**YOUR TASK**
Retype, word for word, every line from the one holding "Ak Bussang Vosges, Fontaine" through the one holding "1. Try to repeat" in the entries below, both included, and only those lines.

**THE DATA**
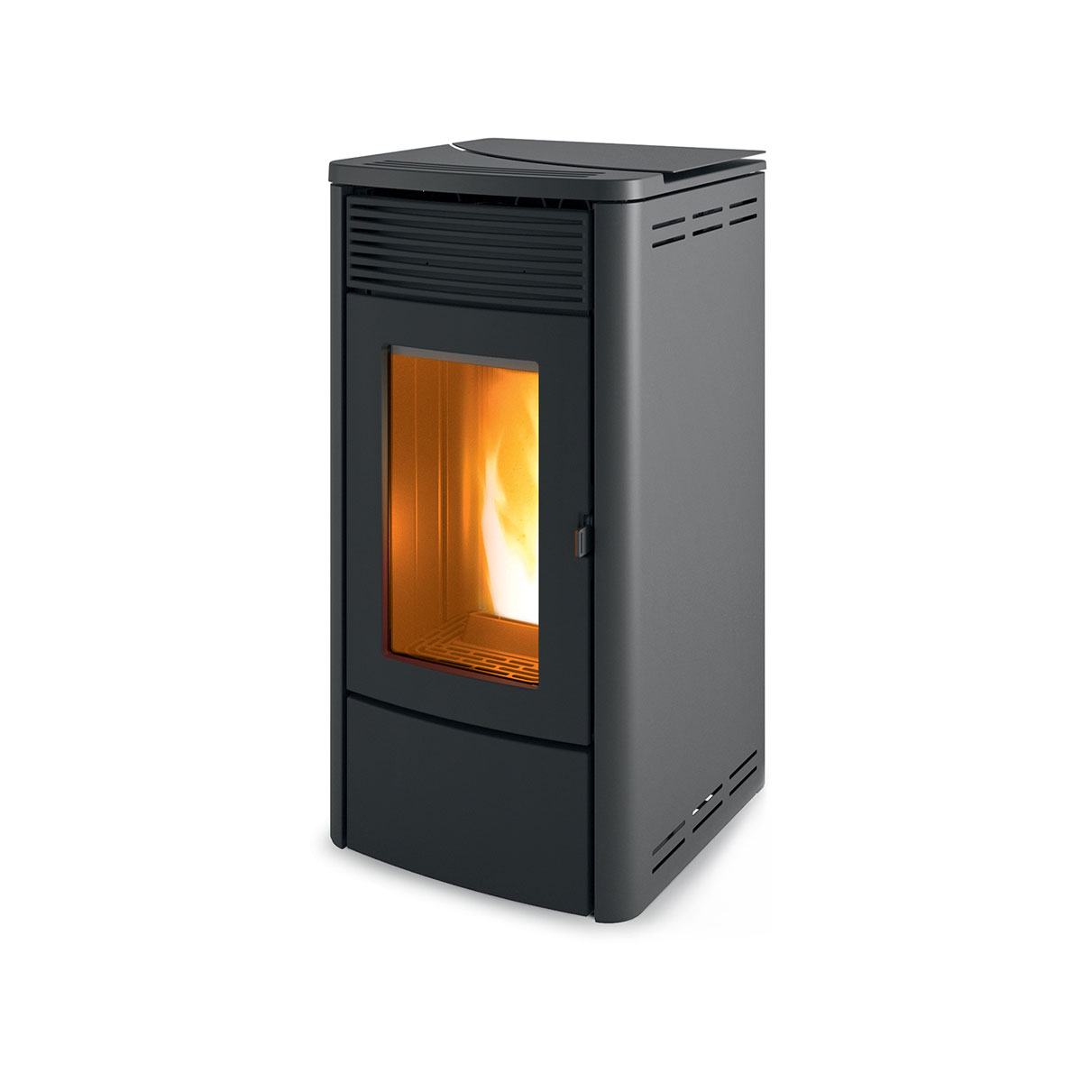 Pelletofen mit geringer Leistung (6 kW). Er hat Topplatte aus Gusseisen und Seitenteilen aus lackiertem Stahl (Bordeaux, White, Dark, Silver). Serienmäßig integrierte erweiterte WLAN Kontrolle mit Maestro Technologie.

...

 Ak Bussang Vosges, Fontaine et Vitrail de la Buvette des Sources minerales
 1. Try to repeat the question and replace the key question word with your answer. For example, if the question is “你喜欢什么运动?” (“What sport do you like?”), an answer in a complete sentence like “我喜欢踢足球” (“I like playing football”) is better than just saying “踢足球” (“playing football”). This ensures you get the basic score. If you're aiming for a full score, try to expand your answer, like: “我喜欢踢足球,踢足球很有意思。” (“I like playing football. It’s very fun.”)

**SOLUTION TO THIS PROBLEM**
 Ak Bussang Vosges, Fontaine et Vitrail de la Buvette des Sources minerales
 1. Try to repeat the question and replace the key question word with your answer. For example, if the question is “你喜欢什么运动?” (“What sport do you like?”), an answer in a complete sentence like “我喜欢踢足球” (“I like playing football”) is better than just saying “踢足球” (“playing football”). This ensures you get the basic score. If you're aiming for a full score, try to expand your answer, like: “我喜欢踢足球,踢足球很有意思。” (“I like playing football. It’s very fun.”)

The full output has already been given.